DATA Start Marker
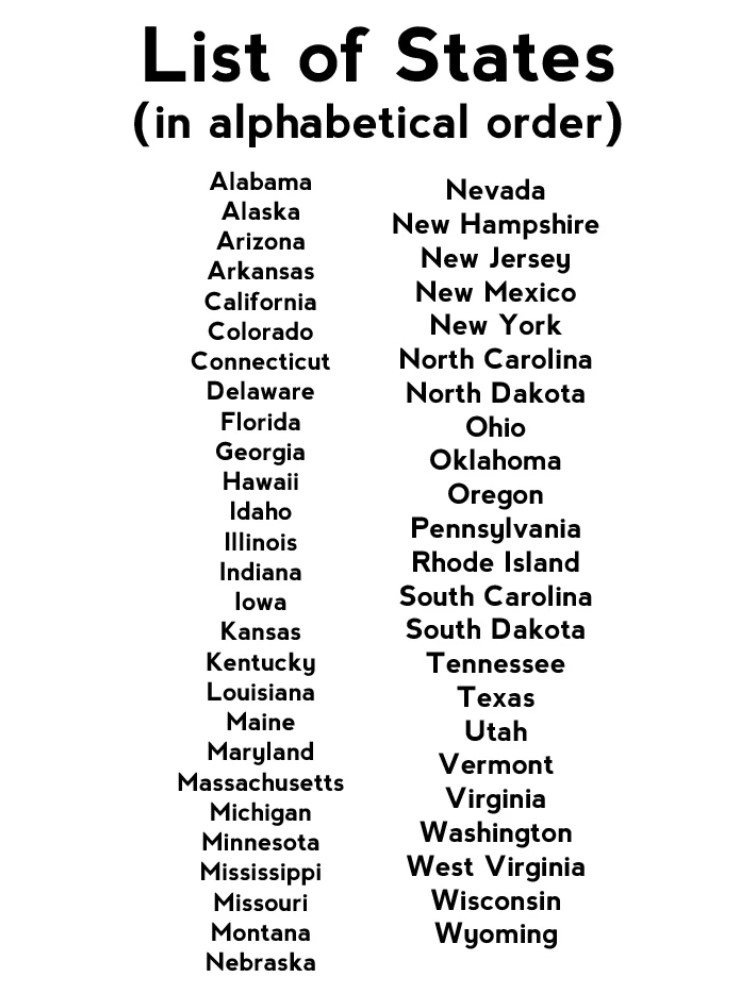Printable List Of Us States And Abbreviations In Alphabetical Order
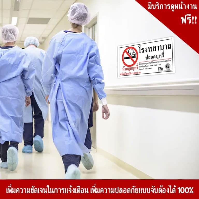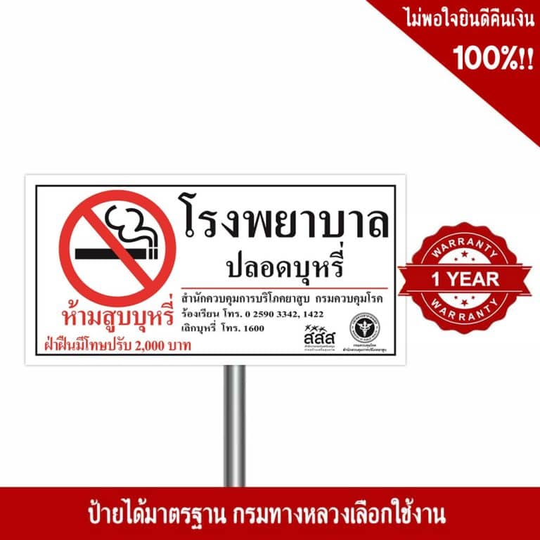 ป้ายห้ามสูบบุหรี่ โรงพยาบาลปลอดบุหรี่ สะท้อนแสง 3M
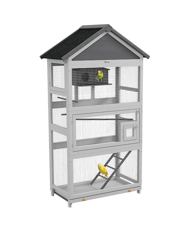 PawHut Wooden Bird Aviary with Slide-Out Tray, Birdhouse, Ladder, Perches
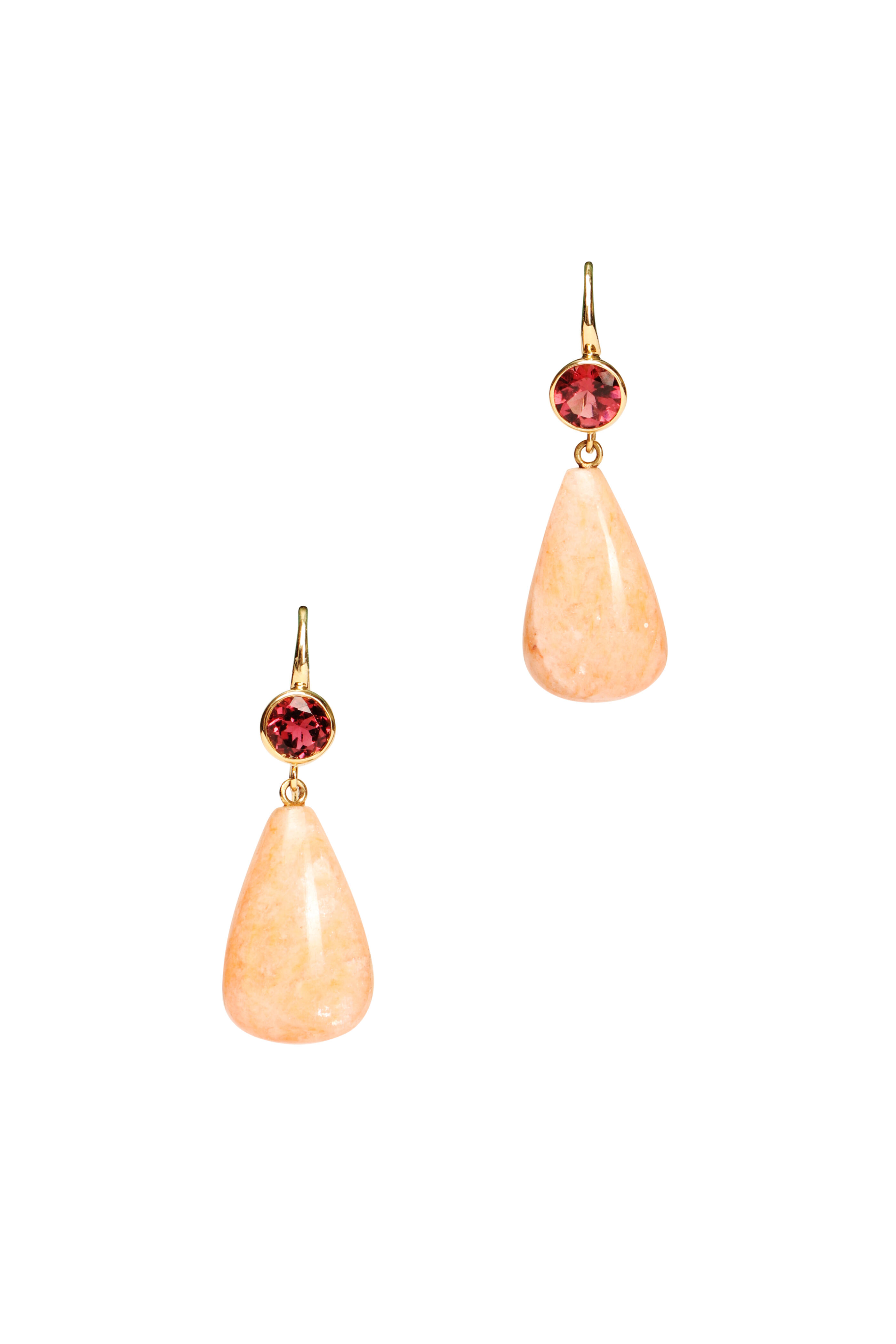 18k yellow gold. Pink tourmaline. Guava. Gold crownwork bezel setting. Drop style. Wire back. Handmade in New York.
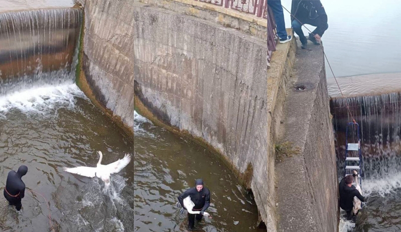 Команда выдвинулась на помощь, и в итоге лебедя благополучно удалось извлечь из водозабора.
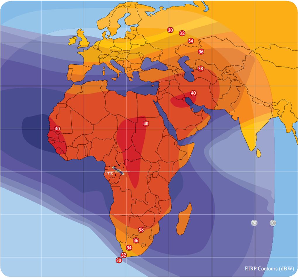 Amos 5i at 17.0°E - pan african footprint : 3 997 H DVB-S2/8PSK NGB CH1
DATA End Marker
TASK INSTRUCTIONS ▸ Every entry above should be duplicated exactly. Do not include the images.

RESPONSE FOR THIS EXERCISE ▸
Printable List Of Us States And Abbreviations In Alphabetical Order
 ป้ายห้ามสูบบุหรี่ โรงพยาบาลปลอดบุหรี่ สะท้อนแสง 3M
 PawHut Wooden Bird Aviary with Slide-Out Tray, Birdhouse, Ladder, Perches
 18k yellow gold. Pink tourmaline. Guava. Gold crownwork bezel setting. Drop style. Wire back. Handmade in New York.
 Команда выдвинулась на помощь, и в итоге лебедя благополучно удалось извлечь из водозабора.
 Amos 5i at 17.0°E - pan african footprint : 3 997 H DVB-S2/8PSK NGB CH1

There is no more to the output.